Mr. Bush is nothing, if not a man of his word. When Mr. Bush was running for president he promised he would relax rules that assorted groups believed were onerous. And once elected he courageously followed through on those promises being, after all, a man who believes what he says even when others are not sure just what that is.
Mr. Bush put people who knew a lot about trucking in charge of the Department of Transportation. They knew a lot because before becoming administrators they had been in the trucking industry, an industry that gave more than $14 million in campaign contributions to Republicans between 2000 and 2006.
A former top official at the American Trucking Associations, Michael P. Jackson, became deputy secretary of the Department of Transportation. A former Roadway executive and head of a trucking industry foundation, Joseph M. Clapp, was hired to lead the Federal Motor Carrier Safety Administration (FMCSA) and became actively involved in rewriting rules regulating the industry. (FMCSA was created by Congress in 1999 because Congress believed casualties involving trucks were too high and regulation of the industry too lax.) Thanks to the input of the former trucking industry executives, new regulations were issued loosening the rules affecting the trucking industry.
Ignoring statistics that said a high percentage of truck accidents were caused by tired truck drivers, the department acted on an industry study that said only 2% of accidents were the fault of tired truck drivers and more than 80% the fault of passenger car drivers. Among other things, the new regulations increased the maximum driving hours from 60 to 77 over 7 consecutive days and from 70 to 88 over 8 consecutive days while increasing the time off required to 10 hours from 8. This was the first increase in the number of hours drivers were permitted to work in 60 years. Regulators declined to require new drivers to undergo additional training as had been suggested by safety groups.
The administration says the new regulations have saved money for businesses and consumers making it cheaper for goods to be moved across country. Safety is also improved they explain. By lengthening the number of hours experienced drivers are permitted to work even though tired, fewer new and inexperienced drivers are needed.
Not persuaded by those arguments, a number of safety conscious groups sued to overturn the regulations. They succeeded. In a 2004 opinion a three-judge panel for the D.C. Court of Appeals criticized the FMCSA for “ignoring its own evidence that fatigue causes many truck accidents.” The opinion said that: “the agency admits that studies show that crash risk increases, in the agency’s words, ‘geometrically’ after the eighth hour on duty.” The court said the new rules were “arbitrary” and “capricious”.

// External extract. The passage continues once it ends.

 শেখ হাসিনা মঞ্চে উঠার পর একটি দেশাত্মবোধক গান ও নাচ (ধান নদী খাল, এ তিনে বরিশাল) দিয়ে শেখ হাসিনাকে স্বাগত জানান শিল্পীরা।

One year after the rules were overturned, the FMCSA reissued them in what is described as almost identical form. A suit to overturn them has been brought by Public Citizen, Citizens for Reliable and Safe Highways, teamsters and other groups. The court heard argument in early December. Time will tell how the new rules fare.

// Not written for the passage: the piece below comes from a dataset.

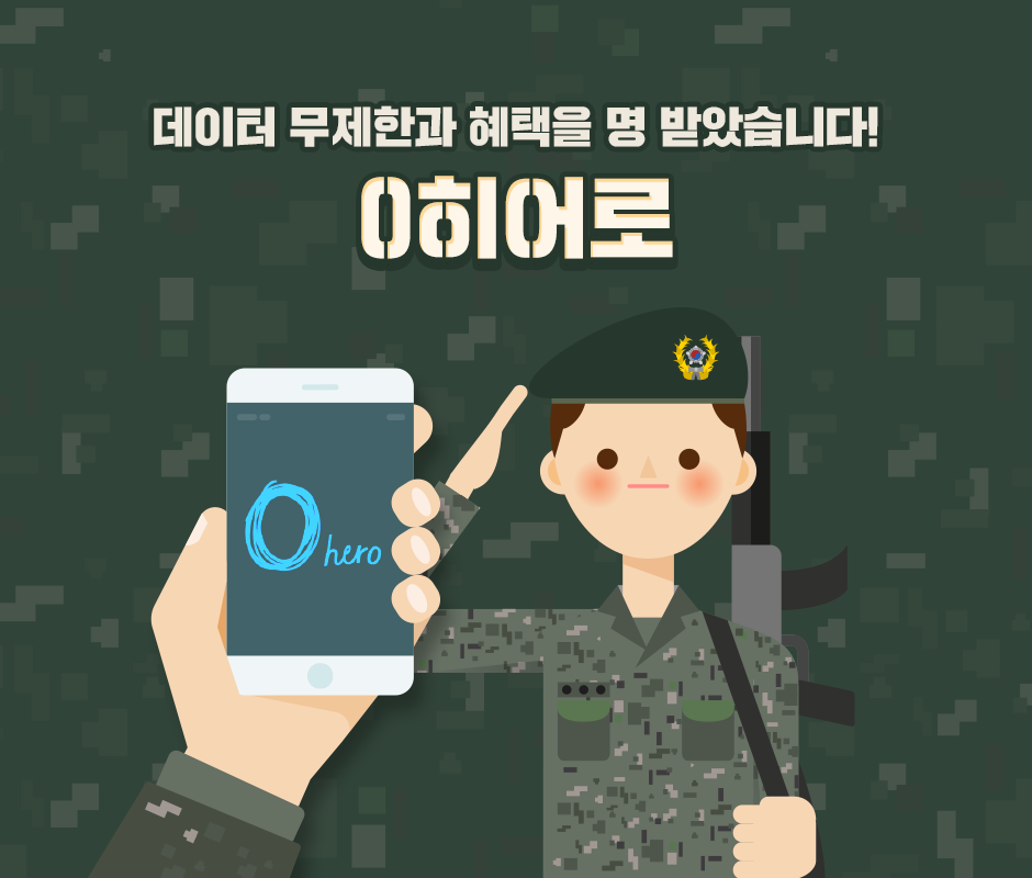 “군인도 할 수 있습니다!” 대한민국 국군장병의 복지증진을 위해 ‘국방개혁 2.0’ 이 시행되었고 그 일환으로 ‘일과 후 군장병 휴대전화 사용’이 시행되었습니다. SK 텔레콤은 이러한 제도적, 시기적 흐름에 맞춰 국군 장병들이 휴대전화를 보다 유용하게 사용할 수 있도록, 전용 요금제 및 혜택인 ‘0히어로’ 서비스를 론칭하였습니다.

The trucking associations are not the only beneficiaries of Bush largesse. The EPA is again in the news, peopled with people anxious to please Mr. Bush rather than the environment. In mid-December the EPA announced new federal pollution regulations effective January 2007. Under the old rules governing emissions, all facilities that released more than 500 pounds a year of approximately 650 different toxics had to report details of the release by putting them into the Toxics Release Inventory. Under the new rules the reporting requirements only apply to releases of 2000 pounds or more. If releases are less than that the facility submits a list of chemicals involved instead of the more detailed information such as how much was released and where it went. In Arizona, facilities that emitted more than 500 pounds of toxics in 2004 emitted a total of 56.6 million pounds. Under the new rules approximately half of those facilities will be exempted from detailed reporting requirements. Pollution making industries heralded the new rules saying it cuts down on paperwork and keeps the public from intruding into their business.

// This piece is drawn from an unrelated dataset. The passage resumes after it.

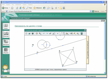 Рис. 102 программа Геометрический планшет Для создания более сложных изображений существует программа CorelDraw. Она предназначена для создания векторной графики. Работа в ней требует более обширных знаний и приобретения специфических навыков. Но данная программа предлагает более широкий спектр возможностей работы с графическими изображениями.

Explanations for the new regulations, though persuasive as Bush explanations usually are, are counterintuitive. Tim Hamlin, who works in the EPA’s Region 10 office, said that the idea behind the loosened regulations is “to create incentive to business to improve their processes to reduce the discharge of these chemicals.” The EPA issued a statement explaining that the changes encourage companies to reduce release of toxic chemicals because it saves them paperwork if they do. It describes this new process as “burden reduction” for industry. It is. It could be called “burden enhancement” for the environment. It is.